Nicolas: Link will be in the transcript.
Francis: Please do. I love them. The work is incredible. I learned so much. Good people, real good people, incredibly inclusive environment. I have never felt more welcome in an educational setting. But I did it at the Great Lakes Michael Chekhov Consortium with educators and students. I mean, man, I just love that. That was so fun. And I learned so much.
And I then did a short, I did a residency. I was invited to do an artist residency at Grinnell College in Iowa by my dear friend, Karie Miller, no relation. And gosh, I did that at Grinnell. I loved Grinnell, loved performing it there. Around that time, I moved back to Chicago. I did it at Rhino Fest here in Chicago, which is a small fringe festival here in the city. I did it. Oh, man, where else I did it? I prepped. Yeah, I did Rhino Fest and then I did Grinnell. That was it. Whatever.
And then I just now got back from doing it at Denver Fringe. Yeah, I did it at Denver Fringe. Before that, I also did just a little tasting portion of a couple of pieces of by the state at with a company here in town called Stop Motion Plant. They let me do just a little tasting, a little teaser, which was really great and let me kind of brush the cobwebs off before I took it to Denver.
Yeah, so I’ve been able to hop around. I think one of the things I really enjoyed about doing it in all these different settings, because it has been like full production, full tech in some places and in some places, it’s like the back room of a bar where I’ve got my wonderful wife, who is a therapist, running the lights and like doing, or like no lights. Or no tech. I’ve done it outside. I do it in a gallery, in a bar, on a stage, in like a classical theatre setting.

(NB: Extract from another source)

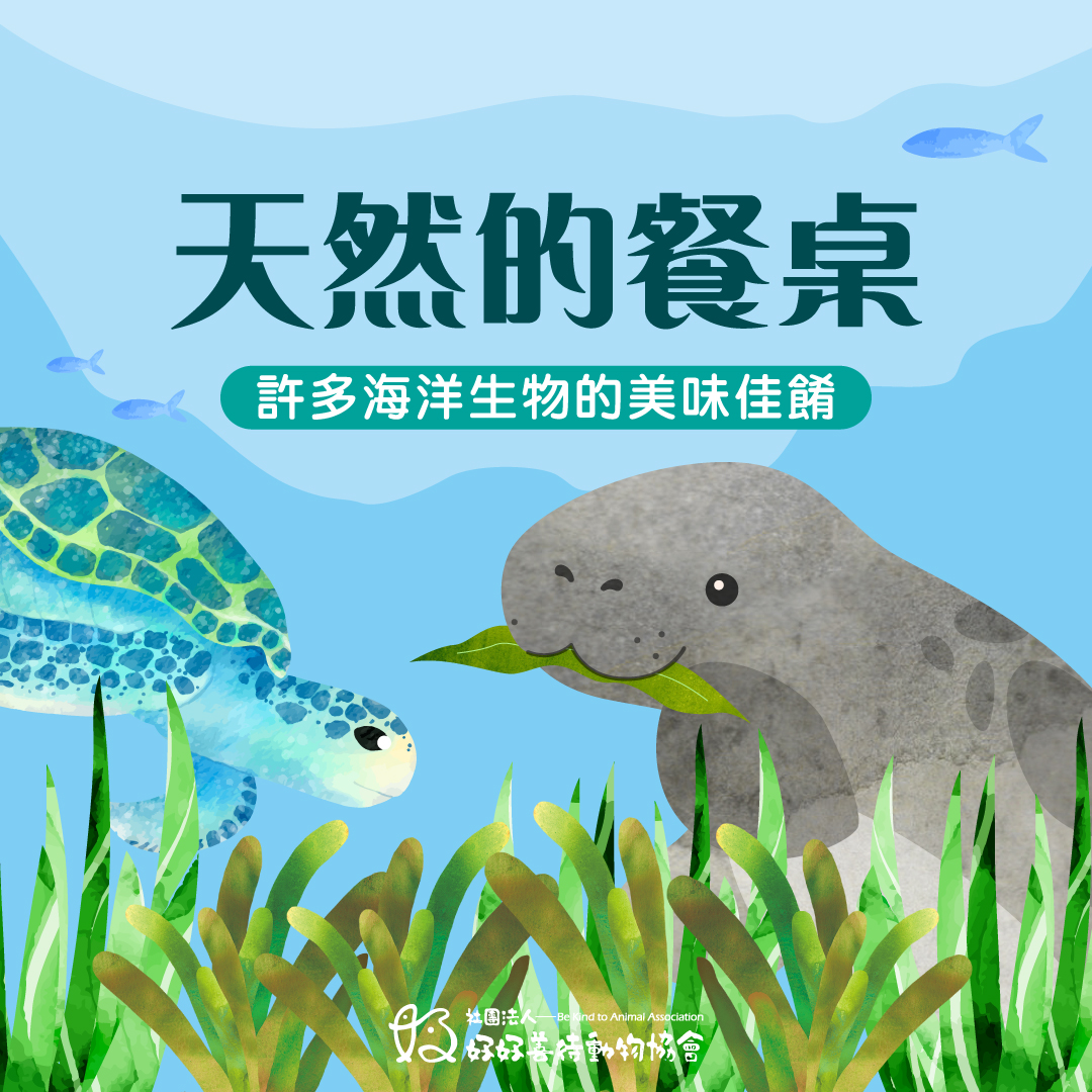 儒艮、綠蠵龜等海洋生物都會直接以海草為食,

The fact that this thing is so flexible has been incredibly useful to me because I can bring it anywhere I want. I built it this way too, is that there’s so little demand. There’s only some light cues in it and I don’t even need them. That it can be done wherever. Anytime that I got some space, I can do it. And because of that, it’s let me really kind of go wherever I want. It’s been great.
Nicolas: Built to travel.
Francis: For sure. The only thing, the whole thing fits in just like a little rolling suitcase, like a rolling suitcase, like a poster tube, because I do have my white butcher paper, which is my only set. It’s the only part that I’m like, that does need to stay. Everything else, I don’t really care about, but the butcher paper is important. So yeah, it’s all so compact. And it’s good to go. Body to State, always good to go.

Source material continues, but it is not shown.